Think for a moment: Remember all of the things in "Avatar", "Star Trek", and other SciFi films that were controlled by people waving their hands over sexy looking devices, wandering around holodecks, or using remotely controlled bodies. When Kinect was first released, Microsoft was against anyone hacking it. A similar thing happened when LEGO Mindstorms was released and hobbyists began to fiddle with the software. As was the case with LEGO, Microsoft has done a complete 180 and has overtly embraced the notion that people can take technology and do things that its originators never imagined. How could Kinect hacks change the way that NASA does things? What would it be like to use Kinect as a whole body interface with 360 degrees of movement while living in microgravity aboard the ISS? Could NASA control Robonaut this way?
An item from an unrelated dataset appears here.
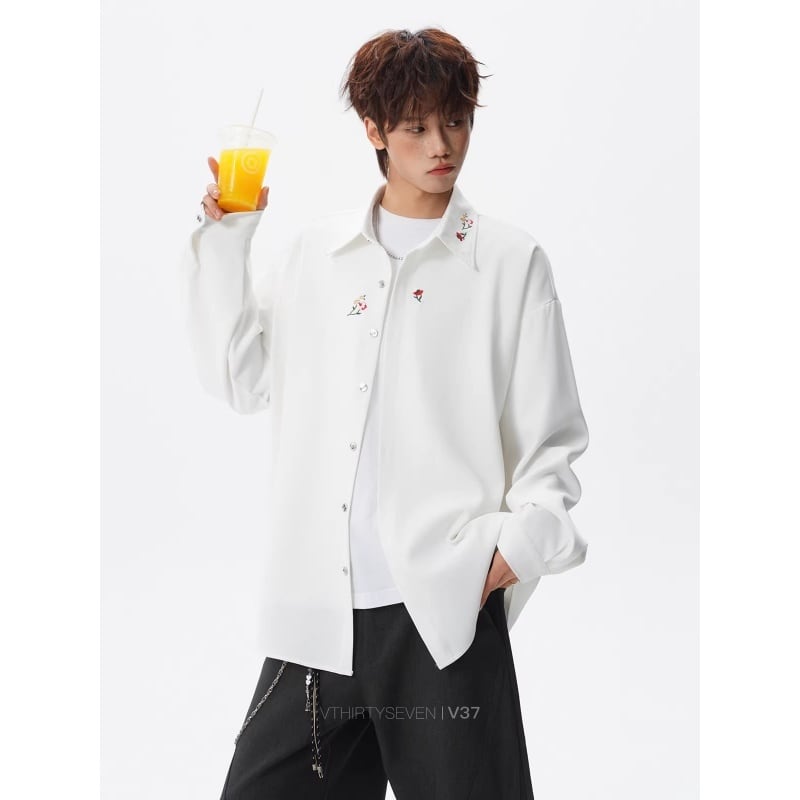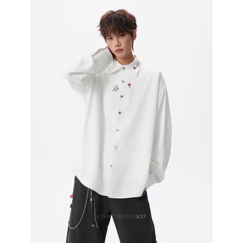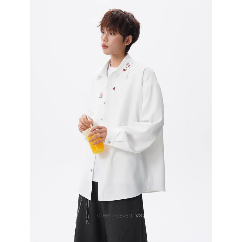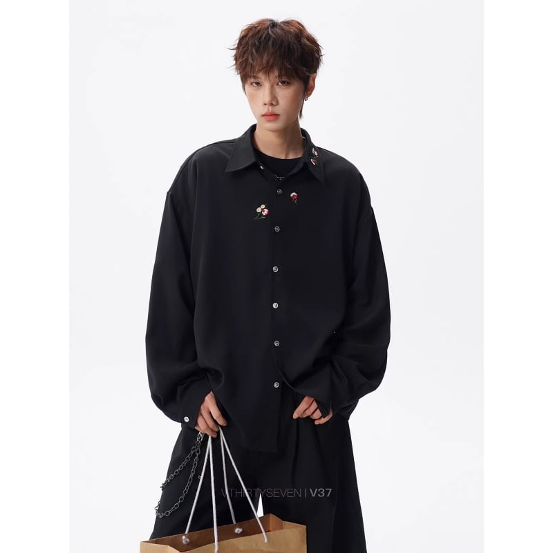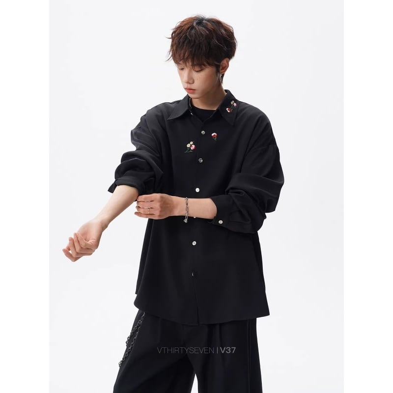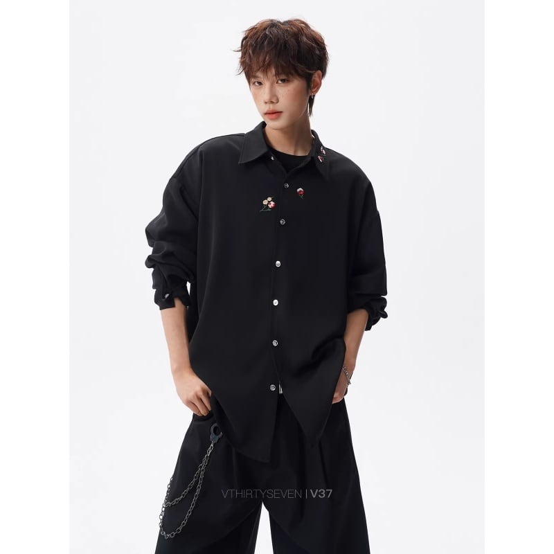 ♥刺繍デザイン、新中式スタイルシャツ!【V37シリーズ】★シャツ★ 2color 黒と白 トップス 刺繍 男女兼用 メンズ シンプル 無地

Updating Galactic Cartography

Constructing a Galactic coordinate system based on near-infrared and radio catalogs

"The definition of the Galactic coordinate system was announced by the IAU Sub-Commission 33b on behalf of the IAU in 1958. An unrigorous transformation was adopted by the Hipparcos group to transform the Galactic coordinate system from the FK4-based B1950.0 system to the FK5-based J2000.0 system or to the International Celestial Reference System (ICRS). For more than 50 years the definition of the Galactic coordinate system has remained unchanged from this IAU1958 version. On the basis of deep and all-sky catalogs, the position of the Galactic plane can be revised and updated definitions of the Galactic coordinate systems can be proposed."

Inventing the Tractor Beam

NASA Studying Ways to Make 'Tractor Beams' a Reality (with video)

"Tractor beams -- the ability to trap and move objects using laser light -- are the stuff of science fiction, but a team of NASA scientists has won funding to study the concept for remotely capturing planetary or atmospheric particles and delivering them to a robotic rover or orbiting spacecraft for analysis."

Backward Pulling Force from a Forward Propagating Beam, Chen et al

"We show explicitly that the necessary condition to realize a negative (pulling) optical force is the simultaneous excitation of multipoles in the particle and if the projection of the total photon momentum along the propagation direction is small (as in some propagation invariant beams), attractive optical force is possible. This possibility adds "pulling" as an additional degree of freedom to optical micromanipulation."